An artist of recent discovery is Petr Pavlensky, an actionism artist (in contrast to performance art) who makes his idealism known in opposition to Putin's regime in Russia by committing public acts of self harm. He once sat naked on the Red Square with a nail impaled through his scrotum, for example (This work is called Carcass and is to do with 'apathy, political indifference & fatalism of modern Russian society'). Or sewed his own lips shut outside the Kazan Cathedral after the jailing of Pussy Riot.

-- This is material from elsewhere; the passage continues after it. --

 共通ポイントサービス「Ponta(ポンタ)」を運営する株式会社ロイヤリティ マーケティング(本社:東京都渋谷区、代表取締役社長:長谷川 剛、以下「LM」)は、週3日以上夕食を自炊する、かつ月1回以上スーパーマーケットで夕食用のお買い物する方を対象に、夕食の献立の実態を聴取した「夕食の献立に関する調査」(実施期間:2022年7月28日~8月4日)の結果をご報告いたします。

Essentially the state can't do anything to him he hasn't done to himself already. To me this is at the heart of Fi, that is the sovereignty of self and the selfs of others. I'm not advocating for the Fi - preferenced to self harm themselves, but I thought it was a good illustration of its power and necessity, particularly where those individual rights are most at risk or oppressed.

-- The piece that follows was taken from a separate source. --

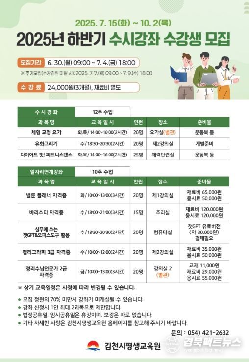 경북팩트뉴스 조현묵 기자 | 김천시평생교육원은 2025년 하반기 수시강좌 수강생을 오는 6월 30일부터 7월 4일까지 선착순으로 모집한다고 밝혔다.

Those strongly felt notions of violation and injustice tend to be motivators that are often overlooked. But there are negatives as well.
I think when people have issues with Fi in typology, it's when people kick up a fuss over a perception of injustice or personal infringement that can't readily be identified, or which is perspectively minor in comparison to larger issues. The "I have the right to do what i want, when I want but to also be left alone when I want" is fine... right up until it starts to infringe on someone else's right to do what they want. That's where I'd hazard most of the Fe & Ti clashes with Fi come from.
Then we get these situations (I've been a catalyst and directly responsible for some on here.... me getting all roused up over clashing with an Fi member) where it's just a series of stubborn back and forths; the Fi digs in and whines about sovereignty, the Fe looks about for external support that it's ways are best and that Fi isn't considering others & and Ti goes "this is all bullshit, it doesn't make sense, back to LOL."
What's usually missing is a bit of perception on all sides involved. Life can't be always what you want Fi, just because everyone supports it doesn't make it right Fe, we're not entirely rational beings Ti, including yourself.
A simplification, but you get the jist.
*EDIT*
It's probably undervalued because there is currently a lot of substitution for it in day to day society. People who talk about and claim their individuality in a very mainstream and collective way. People with big egos and bigger chips on their shoulders, who latch onto social and political issues in order to plump themselves up.
It looks like Fi, might even be it in some cases, but it's ultimately undermining.